[[ DATA TO USE, beginning ]]

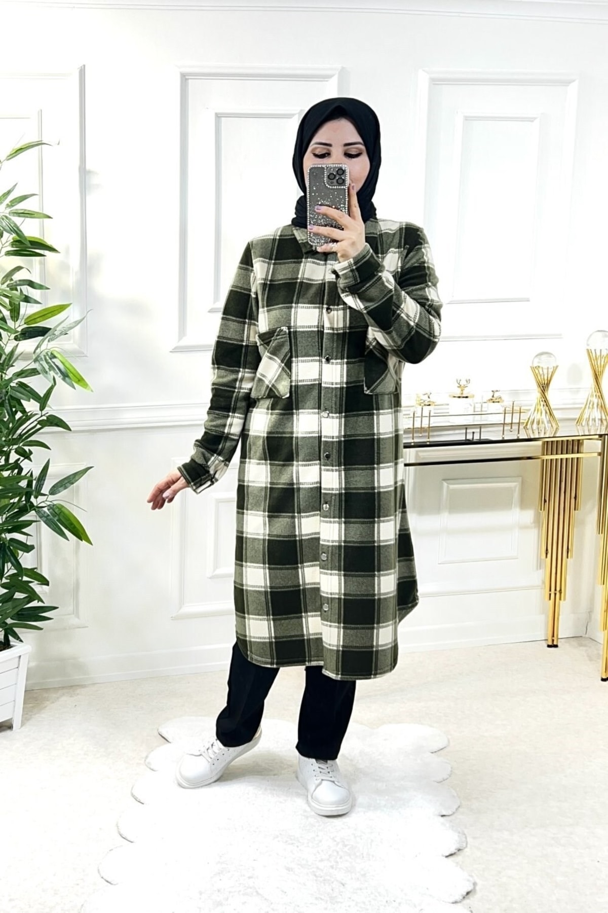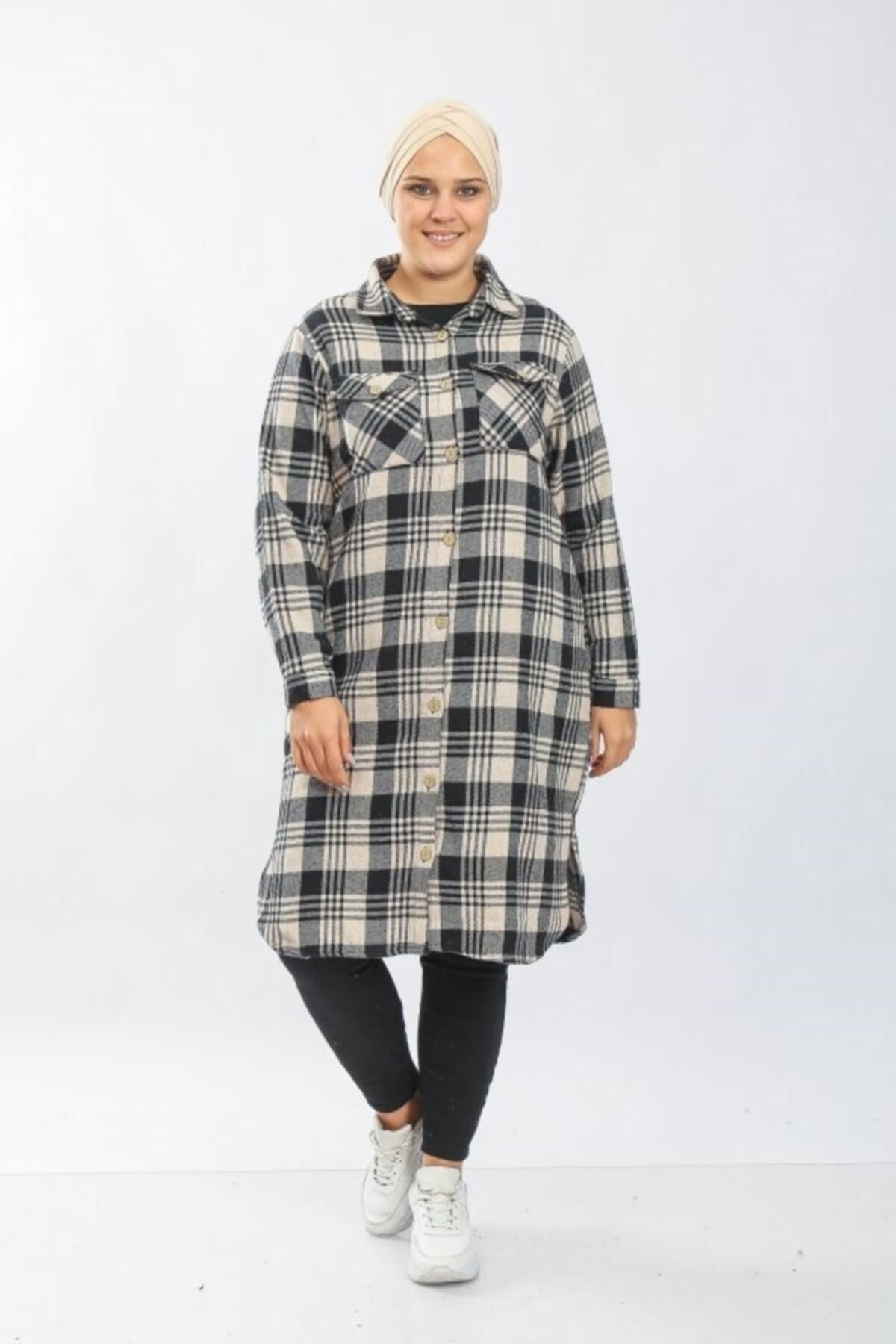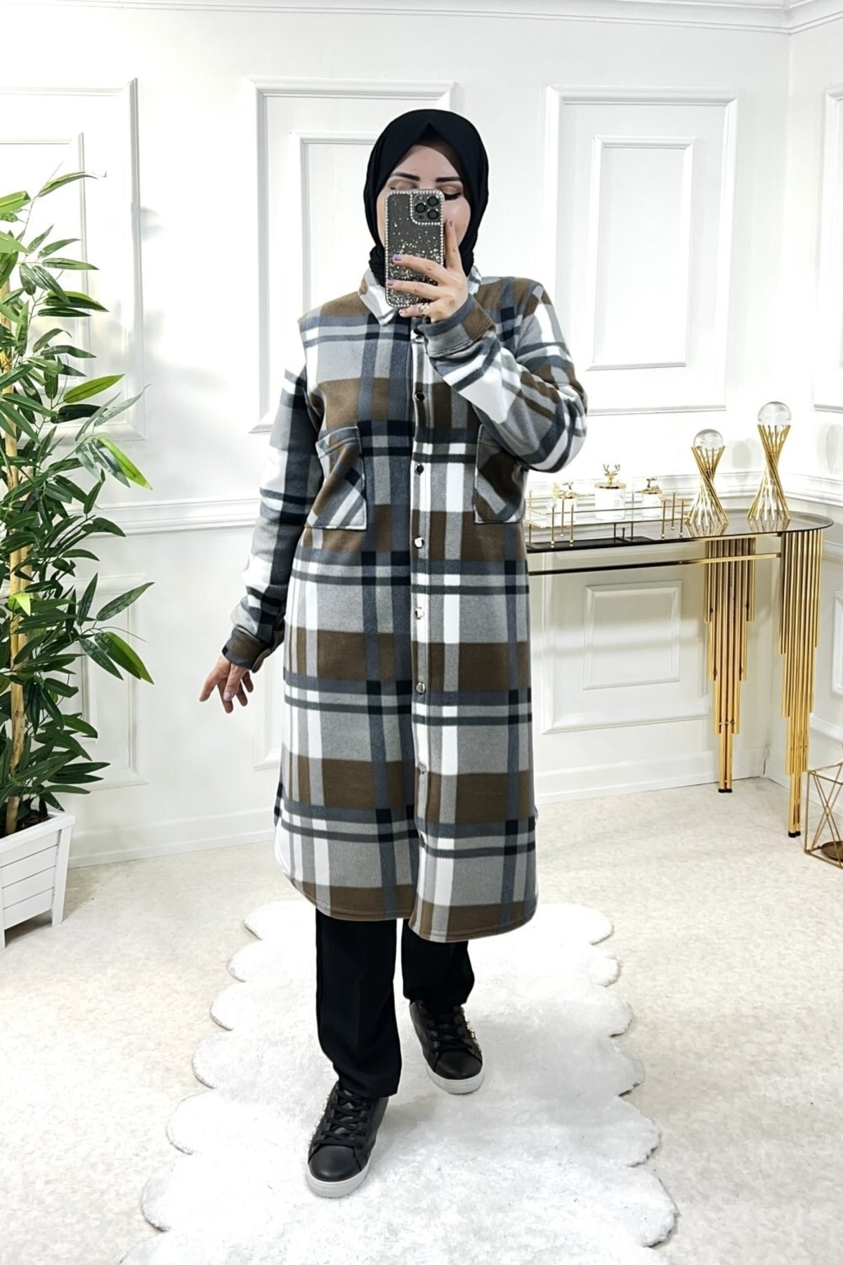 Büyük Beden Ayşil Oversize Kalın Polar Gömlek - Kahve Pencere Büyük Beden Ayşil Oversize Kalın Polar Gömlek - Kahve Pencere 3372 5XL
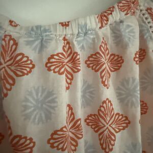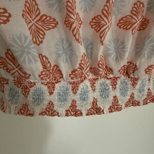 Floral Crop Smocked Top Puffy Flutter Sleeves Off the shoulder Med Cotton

[[ DATA TO USE, end ]]
[[ DATA TO USE, beginning ]]

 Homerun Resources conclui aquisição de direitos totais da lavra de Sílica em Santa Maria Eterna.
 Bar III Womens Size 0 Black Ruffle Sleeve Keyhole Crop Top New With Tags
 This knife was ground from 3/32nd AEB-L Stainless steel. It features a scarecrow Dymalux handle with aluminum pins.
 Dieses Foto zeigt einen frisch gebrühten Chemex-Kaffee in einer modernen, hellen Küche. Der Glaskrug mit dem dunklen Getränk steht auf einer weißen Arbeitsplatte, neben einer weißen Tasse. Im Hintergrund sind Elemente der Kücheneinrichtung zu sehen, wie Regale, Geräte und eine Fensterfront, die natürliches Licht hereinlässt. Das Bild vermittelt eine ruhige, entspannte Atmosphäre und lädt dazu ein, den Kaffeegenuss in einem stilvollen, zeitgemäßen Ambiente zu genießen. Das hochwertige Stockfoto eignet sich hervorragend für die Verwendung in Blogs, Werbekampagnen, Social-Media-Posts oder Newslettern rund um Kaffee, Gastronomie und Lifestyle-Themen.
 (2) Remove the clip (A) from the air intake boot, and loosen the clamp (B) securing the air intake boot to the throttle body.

[[ DATA TO USE, end ]]
[[ DATA TO USE, beginning ]]

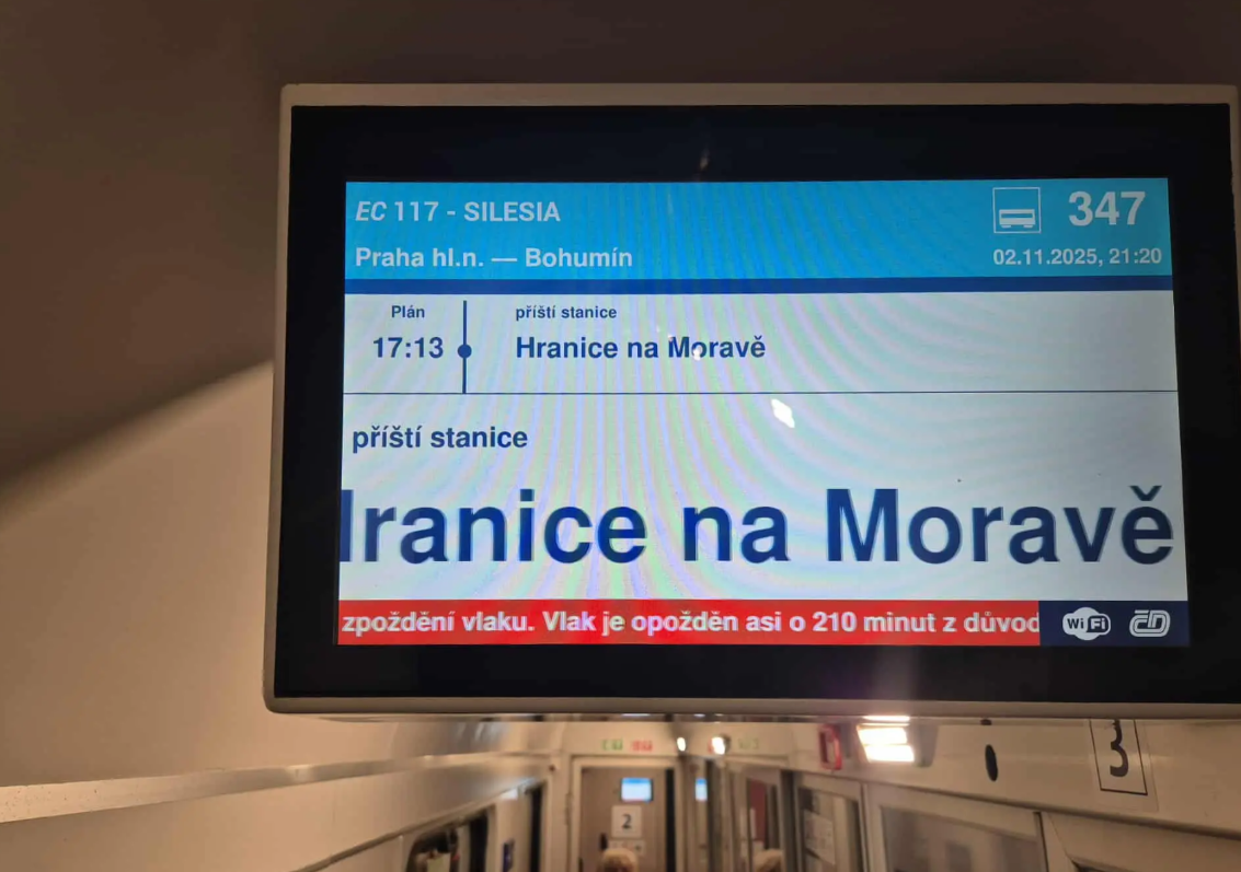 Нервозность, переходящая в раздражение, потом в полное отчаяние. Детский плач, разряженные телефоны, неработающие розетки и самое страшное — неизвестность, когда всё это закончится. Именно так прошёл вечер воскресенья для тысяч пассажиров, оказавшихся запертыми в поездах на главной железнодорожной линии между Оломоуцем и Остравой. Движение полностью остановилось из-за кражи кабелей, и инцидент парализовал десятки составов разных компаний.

[[ DATA TO USE, end ]]

▸ TASK OBJECTIVE: Show all lines above holding "from".

▸ SOLUTION TO THIS EXERCISE:
 This knife was ground from 3/32nd AEB-L Stainless steel. It features a scarecrow Dymalux handle with aluminum pins.
 (2) Remove the clip (A) from the air intake boot, and loosen the clamp (B) securing the air intake boot to the throttle body.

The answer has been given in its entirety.